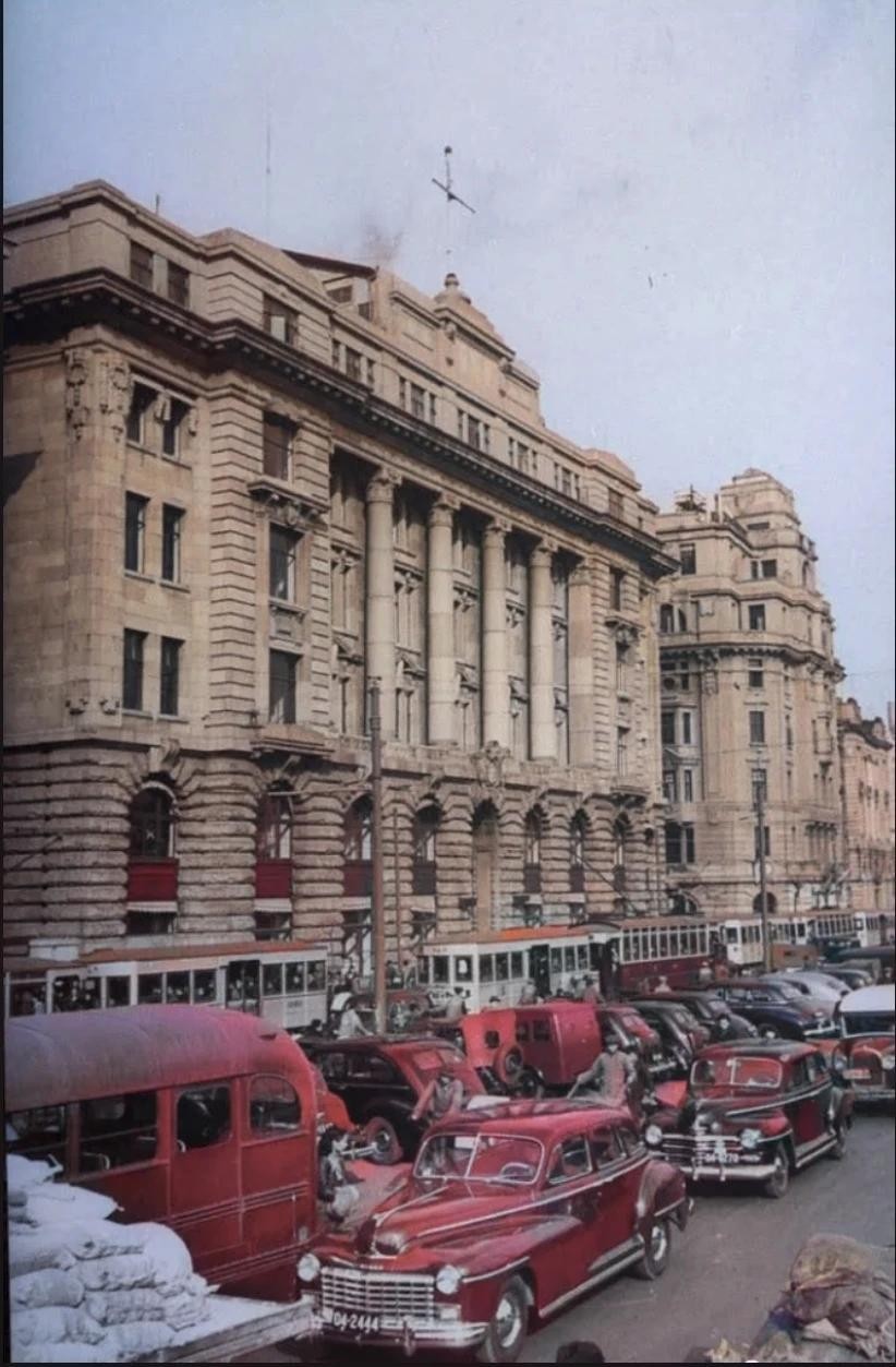 △1946年的上海街头,此时二战已经结束,上海滩再度热闹起来,宽阔的马路上,甚至堵起了车。
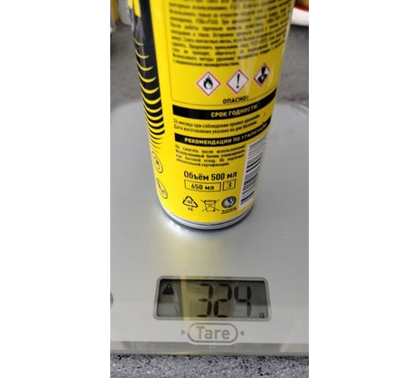 сомнительно. пол-литра аэрозоля, по факту вместе с тарой весят 324гр.
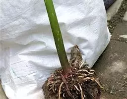 方法一 准备好兰盆及植料后,将兰株倒拿(根在上,叶在下)放于水龙头下以慢水冲洗,但水压切忌过强,以免伤兰根及叶子。用拇指和食指抓住兰头,小指抵住盆缘,用竹筷将根固定,当放入盆内时,尽量不要让根接触到盆壁。将豆粒大的混合石砾倒入盆底至三分之一处。然后倒入中粒植料至五分之四处,填实和尽量不要留下空间。将竹筷拔出,并摇实盆中植料。填实植料后,再用大粒植料埴入至距盆缘1.5厘米处。最后再倒入豆粒大植料,以将假鳞茎全部埋入土中为度,然后充分摇实。用压土工具轻压植料,并将表面弄平。种植完毕后,植料在盆中以中央稍高为好。
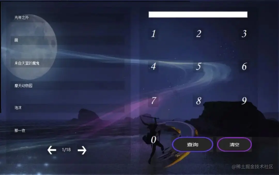 由歌单列表和字数点歌页面组成,字数点歌可以输入歌名的长度进行查询
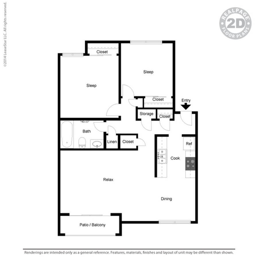 Large 2 Bed 1 Bath - Plano 2 Los planos de la planta son una interpretación artística. Todas las dimensiones son aproximadas. Los tamaños o el detalle del producto real y sus especificaciones pueden variar. No todas las características están disponibles en todos los hogares para rentar. Los precios y la disponibilidad están sujetos a cambios. El alquiler que se muestra es mensual. Se pueden aplicar ciertos cargos, por ejemplo, entrega de paquetes, recolección de basura, agua, servicios, etc. Depositos varian. Consulta a un representante para conocer detalles.

What is needed:
From the opening line of the entries above to the line containing "由歌单列表和字数点歌页面组成,字数点歌可以输入歌名的长度进行查询", please transcribe each line exactly, skipping every picture.

Response for this exercise:
 △1946年的上海街头,此时二战已经结束,上海滩再度热闹起来,宽阔的马路上,甚至堵起了车。
 сомнительно. пол-литра аэрозоля, по факту вместе с тарой весят 324гр.
 方法一 准备好兰盆及植料后,将兰株倒拿(根在上,叶在下)放于水龙头下以慢水冲洗,但水压切忌过强,以免伤兰根及叶子。用拇指和食指抓住兰头,小指抵住盆缘,用竹筷将根固定,当放入盆内时,尽量不要让根接触到盆壁。将豆粒大的混合石砾倒入盆底至三分之一处。然后倒入中粒植料至五分之四处,填实和尽量不要留下空间。将竹筷拔出,并摇实盆中植料。填实植料后,再用大粒植料埴入至距盆缘1.5厘米处。最后再倒入豆粒大植料,以将假鳞茎全部埋入土中为度,然后充分摇实。用压土工具轻压植料,并将表面弄平。种植完毕后,植料在盆中以中央稍高为好。
 由歌单列表和字数点歌页面组成,字数点歌可以输入歌名的长度进行查询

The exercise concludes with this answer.